2
votes

What is the best way to write a unit test for a class which depends on an Eloquent model with relationships? E.g.

  • real object (with database). This is easy, but slow.

  • real object (no database). I can create a new object but I can't see how to set the related models without writing to the database.

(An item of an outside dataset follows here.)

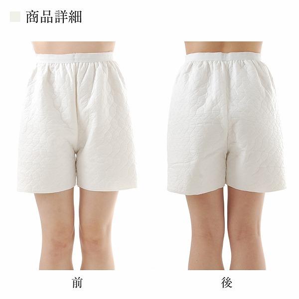 「防水布+吸水素材」で腰から太もも中ほどまで、モレエリアをカバー

  • mock object. I run into issues using Mockery with Eloquent models (e.g. see this question).

  • other solutions?

context: I'm using Laravel with Authority RBAC for access control. I want to find the best way to test my access rules in a unit test. Which means I need to pass the user dependencies to Authority during the test.

1
One stopgap measure would be to use an in-memory SQLite database for testing. I think that by default Laravel actually does this for you, though you do need to call your seeders on set up. No idea if it's actually faster than a MySQL database (for example) but it seems to be the practice when you do need a real database. But yes really you should be mocking as much as you can. I guess one thing to think about would be that the more code your tests have, the less they are actually reliable to test your actual code rather than how well you wrote the test to model your 'real' code.alexrussell

1 Answers

0
votes

If you're writing unit tests, you shouldn't ever use a database. Testing against a database would be considered an integration test. Check out Roy Osherove's videos.

To answer your question, (and not having delved into Authority RBAC, I'd do something like this:

// assuming some RBAC class
SomeRBACClass extends RBACBaseClass {

     function validate(UserClass $user) {
         if (!$roles = $user->getRoles())
         {
             return false;
         }

         $allowed = array('admin', 'superadmin');

         foreach ($roles as $role) {
             if (in_array($role->name, $allowed)) {
                 return true;
             }
         }

         return false;
     }

}

SomeRBACClassTest extends TestCase {

    function test_validate_WhenPassedUser_callsGetRolesOnUserWithNoArgs()
    {
        $rbac = new SomeRBACClass();
        $user = Mockery::mock('UserClass');

        $user->shouldReceive('getRoles')->once()->withNoArgs();

        $rbac->validate($user);
    }

    function test_validate_getRolesOnUserReturnsCollectionOfRoles_CallsGetAttributeWithNameOnFirstRole() {
        $rbac = new SomeRBACClass();
        $user = Mockery::mock('UserClass');
         // assuming $user->getRoles() returns a collection
        $collection = new \Illuminate\Support\Collection(array(
             $role1 = Mockery::mock('Role'),
             $role2 = Mockery::mock('Role'),
        ));
        $user->shouldReceive('getRoles')->andReturn($collection);

        $role1->shouldReceive('getAttribute')->once()->with('name');

        $rbac->validate($user);
    }

    function test_validate_getAttributeWithNameOnRoleReturnsValidRole_ReturnsTrue() {
        $rbac = new SomeRBACClass();
        $user = Mockery::mock('UserClass');
         // assuming $user->getRoles() returns a collection
        $collection = new \Illuminate\Support\Collection(array(
             $role1 = Mockery::mock('Role'),
             $role2 = Mockery::mock('Role'),
        ));
        $user->shouldReceive('getRoles')->andReturn($collection);
        $role1->shouldReceive('getAttribute')->andReturn('admin');

        $result = $rbac->validate($user);

        $this->assertTrue($result);
    }

This is not a thorough example of all the unit tests that I would write, but it's a start. E.g., I would also validate that when no roles are returned, that the result is false.